David Reade is a freelance journalist and consultant. He has written numerous informative articles on the P-3 Orion, its systems, missions and capabilities for over eight years as a staff writer associate with Lockheed Martin's "ASW Log" and "Airborne Log" magazines. He also is a regular contributor to VP International's MPA community publication "Maritime Patrol Aviation" magazine. The book has a hardcover, over 280 color and b/w photo's, 224 pages and is 8 1/2" x 11". The price is $49.95, plus shipping of $3.95.


P-3 Orion
By Marco P.J. Borst & Jaap Dubbeldam (1996)

The Lockheed Martin P-3 Orion is a unique aircraft. Unique, because it has been in continuous production for 33 years. Unique, because the P-3 has been built at four different locations: 650 by Lockheed at Burbank, Palmdale and Marietta in the United States and over 100 by Kawasaki at Gifu in Japan. And unique, because the Orion has developed into one of the most versatile aircraft in the world.

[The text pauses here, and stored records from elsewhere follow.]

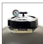
Abertura rosçada com \varnothing 180 mm para facilitar as operações de manutenção
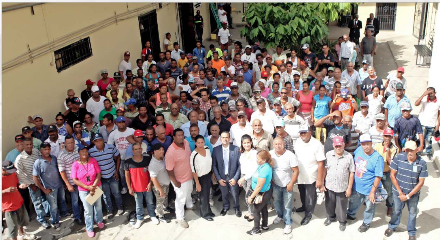
Equipo de Trabajo Dpto. de Ornato, Plazas y Parques.
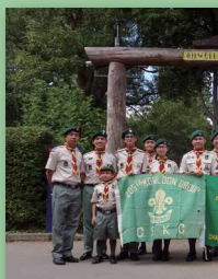
世界各地童軍到訪基維爾公以上為九龍205旅於今夏造
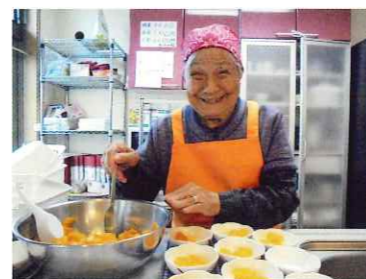
食事作りのお手伝い
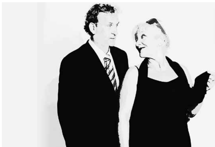
Fotografia: Sin palabras
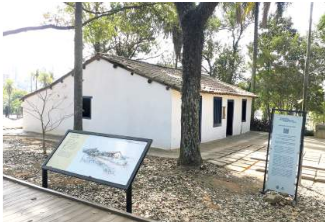
Construção a pau-a-pique é alvo constante de pesquisas arqueológicas e estudos acadêmicos

Hoje incorporada ao Museu da Cidade de São Paulo, a Casa do Grito funciona como espaço de reflexão sobre memória, representação e patrimônio. Sua relevância não está apenas no imaginário ligado à cena da
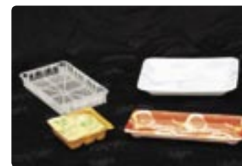
お惣菜やカレールーなどのトレイ(白色食品トレイは別)
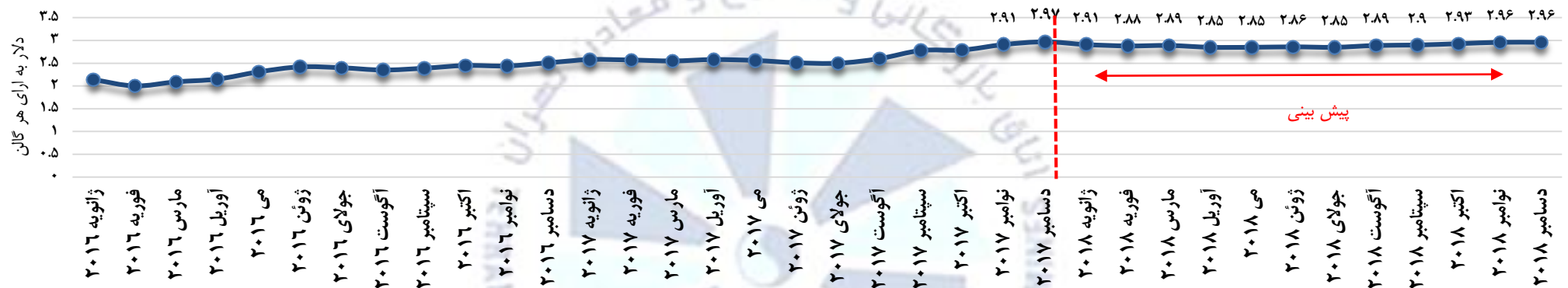
متوسط قیمت خرده فروشی سوخت دیزل (با احتساب مالیات) در آمریکا
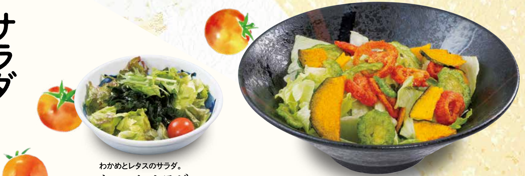
わかめとレタスのサラダ。 ちょっとサラダ 280(税込308)
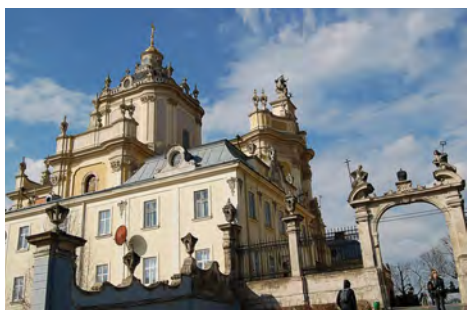
Собор св. Юра у Львові
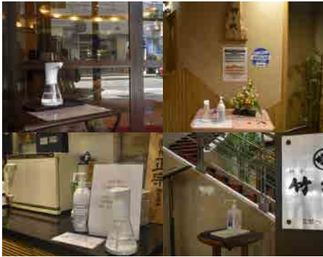
各施設出入口、受付に消毒液の設置
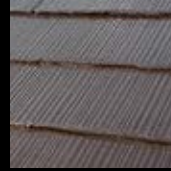
住宅屋根用化粧スレート
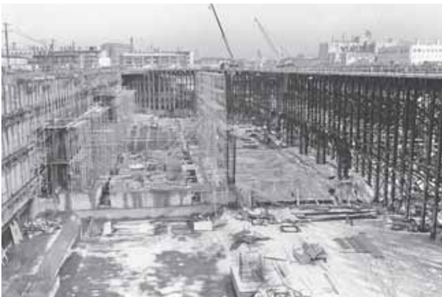
▲昭和48年、地下鉄東西線の建設工事。昭和51年6月に、琴似～白石間が開通した。
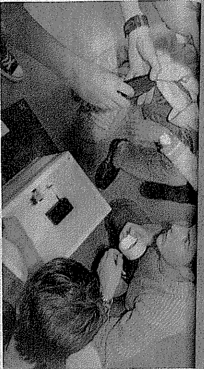
Réalisation d'instrumentation pour équiper un ballon atmosphérique lors d'une journée de formation pédagogique dans un collège.
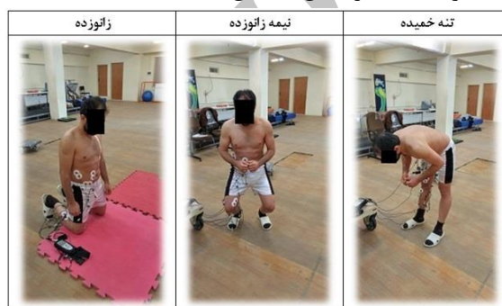
شکل ۱. پوسچرهای ارزیابی شده در مطالعه

با بررسی فرایند جوشکاری در خطوط انتقال گاز، مصاحبه با جوشکاران و همچنین بررسی عکس‌ها و فیلم‌های تهیه شده از آنها هنگام جوشکاری در مناطق عملیاتی، پوسچرهای غالبی که جوشکاران هنگام کار داشتند شناسایی شد. این پوسچرها شامل سه پوسچر تنه خمیده به سمت جلو (تنه با زاویه ۹۰ درجه نسبت به محور عمودی بدن)، پوسچر نیمه زانورده (زاویه فلکشن زانو ۱۲۰ درجه) و پوسچر زانورده (هر دو زانوی فرد روی زمین قرار دارد و تنه بدون زاویه نسبت به محور عمودی بدن) بودند. پوسچرهای ارزیابی شده در مطالعه، در شکل ۱ نشان داده شده است.
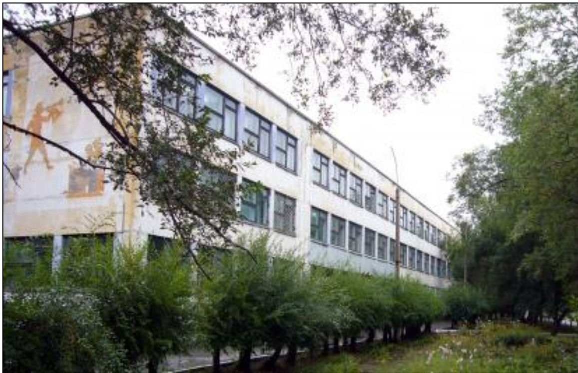
Рис. 6 Муниципальное общеобразовательное бюджетное учреждение "Средняя общеобразовательная школа №2", город Минусинск, Красноярского края.

изучение проблем окружающей среды родного края, имеют довольно сложный и многогранный состав. Для хорошего усвоения материала школьникам требуется плотная взаимосвязь классной и внеклассной работы, а так же поощрение личной инициативы учащихся.
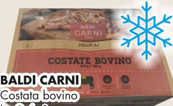
BALDI CARNI Costata bovino kg 2,4 circa COD. 22585
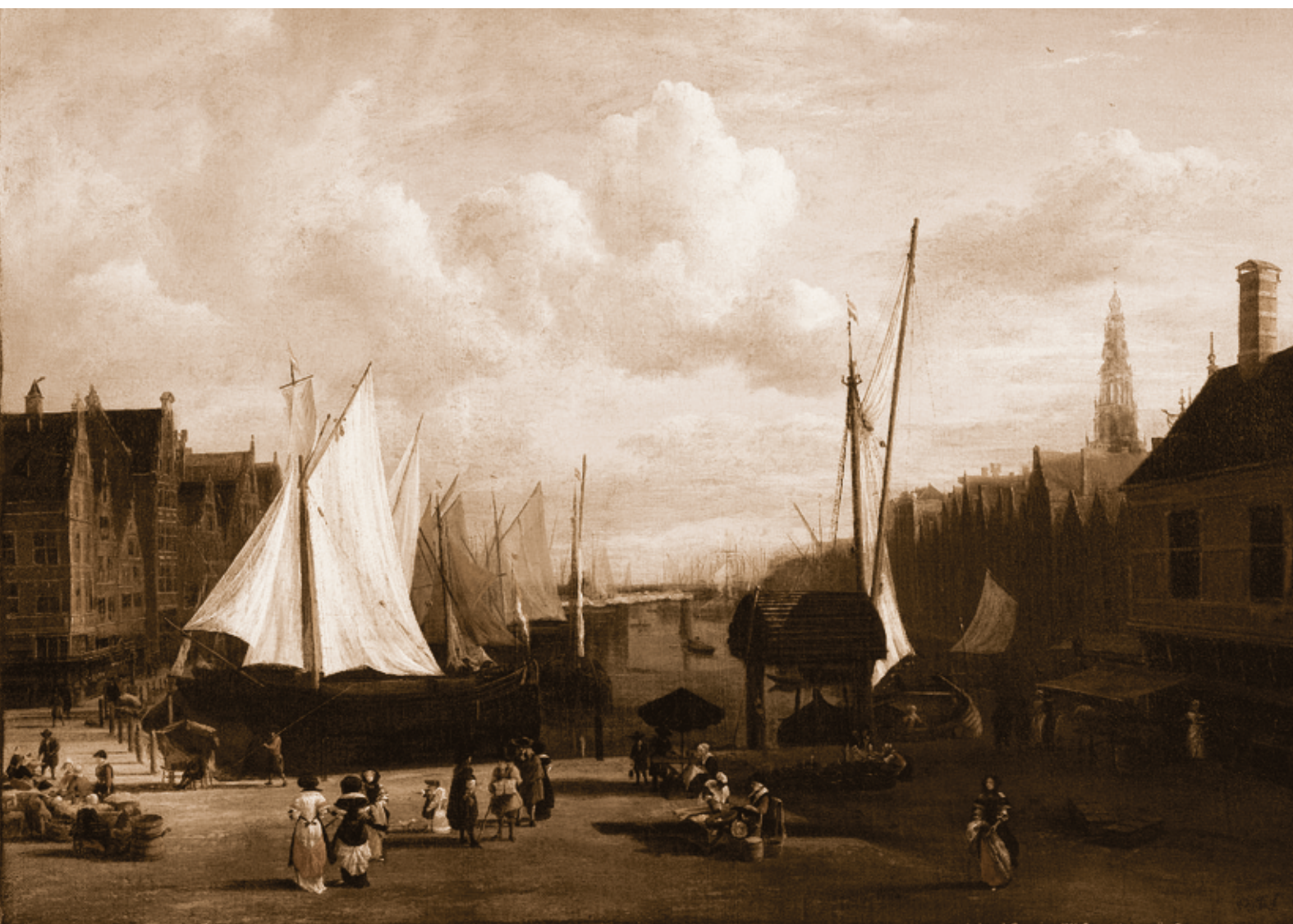
Cais de Amsterdã, Jacob van Ruisdael (ca. 1670).

Before this only once a reference booklet about the Orion was published: in 1978 mr L.T. Peacock published a booklet that served as a model for our "P-3 Orion" booklet. For the first time in 17 years a survey of the individual history of every Orion built has been produced again. We have called this list, which comprises an important part of this booklet, the "P-3 Orion Aircraft Location History Report".